Very little time ago, people used to say that the RISC CPUs would definitely go beyond the CISC architectures. However, it did not happen and the present CISC computers got on the same footing with the RISC, in terms of integer data operations, and have already reduced a lot the disadvantage they had in operations with floating point. That is why, states AMD, the next performance gains will have more to do with the implementing techniques (e.g.: parallelism) than with the instruction set: RISC, CISC-64 or VLIW. In fact, there is a certain abuse with these names, because the present x86 CPUs have only one CISC external layer, and its core was formed by RISC computers.
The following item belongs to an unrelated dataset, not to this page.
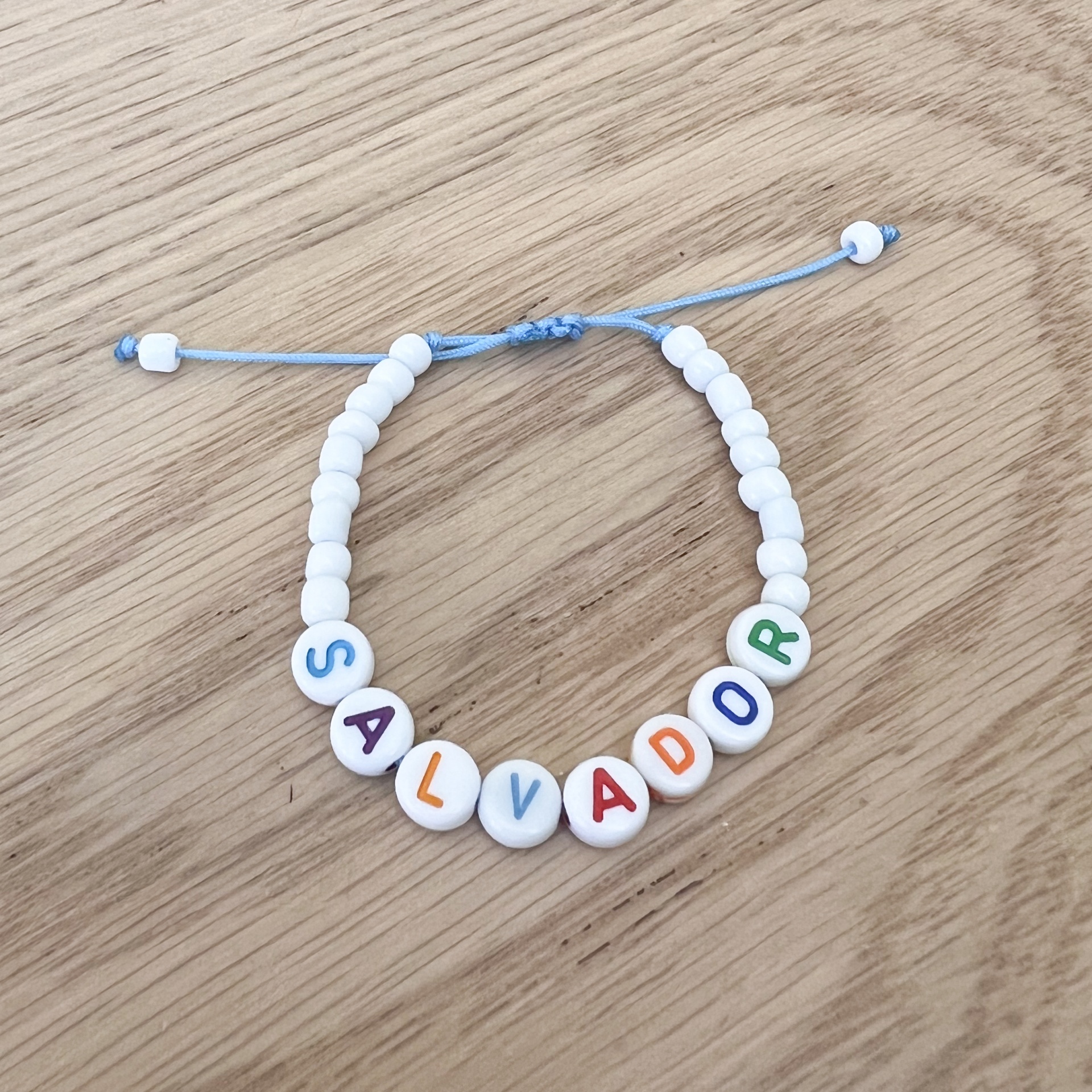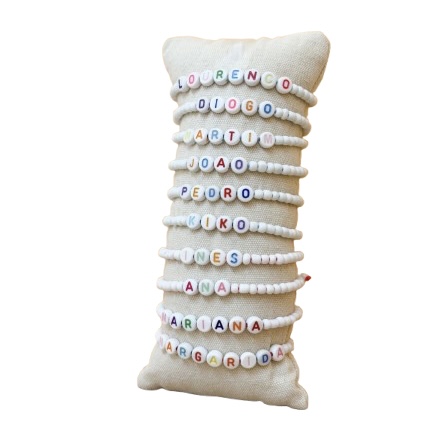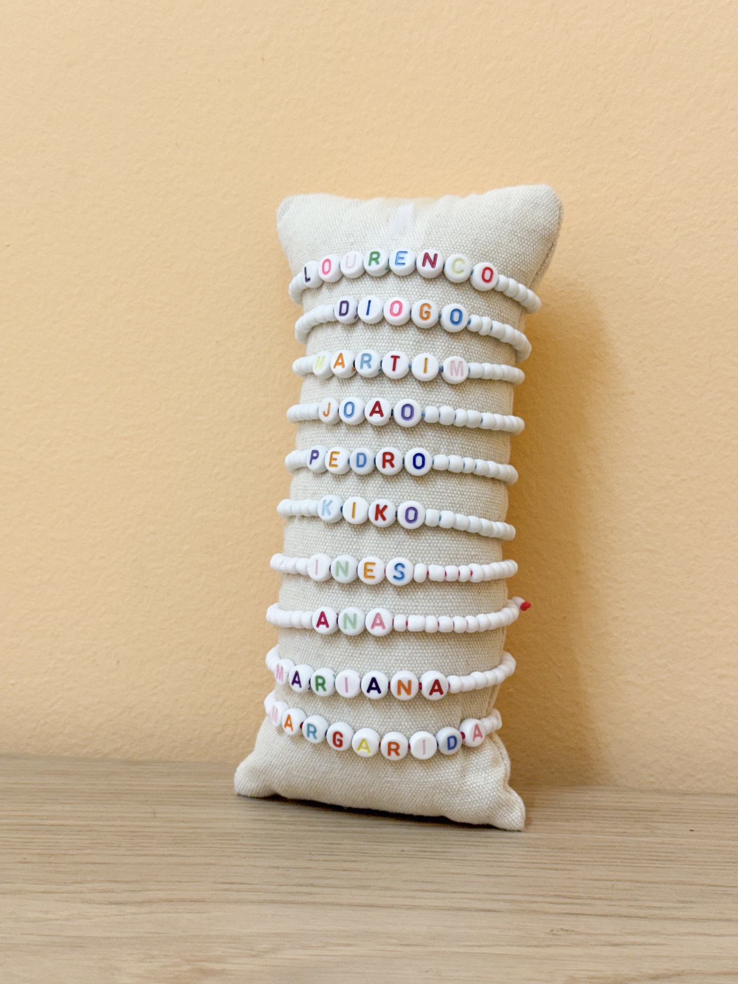 Pulseira Nome e Missangas 5,00 € Desconto de %. Partilhar Nome Martim Joao Kiko Ines Ana Comprar Contactar Pulseira regulável em missangas de vidro e letras de acrílico. Serve desde cirança a adulto.

AMD is calling its new architecture x86-64 and it will be started with a family of processors that have the code name Hammer (the first project, code-named clawhammer, was released as Athlon 64). The 64-bit strategy by AMD is the extension of the present x86 CPUs to work at 64 bits, with the introduction of the so called Long Mode. This solution is safe because it has already been employed at the time of the transition from 16 bits (8088 and 286 CPUs) to 32 bits (386 CPUs and forward). Since long ago, the 32-bit CPUs operate in two modes. When in real mode, they become like the old 8088, but, when in protected mode, they offer 32-bit features, with task and memory managers. The x86-64 architecture offers a new mode called Long Mode, which serves for setting the CPU to operate at 64 bits. When in long mode, besides the 64-bit features, registers extended to 64 bits are offered and, besides that, new registers have been added. Let's go to the study of this new mode.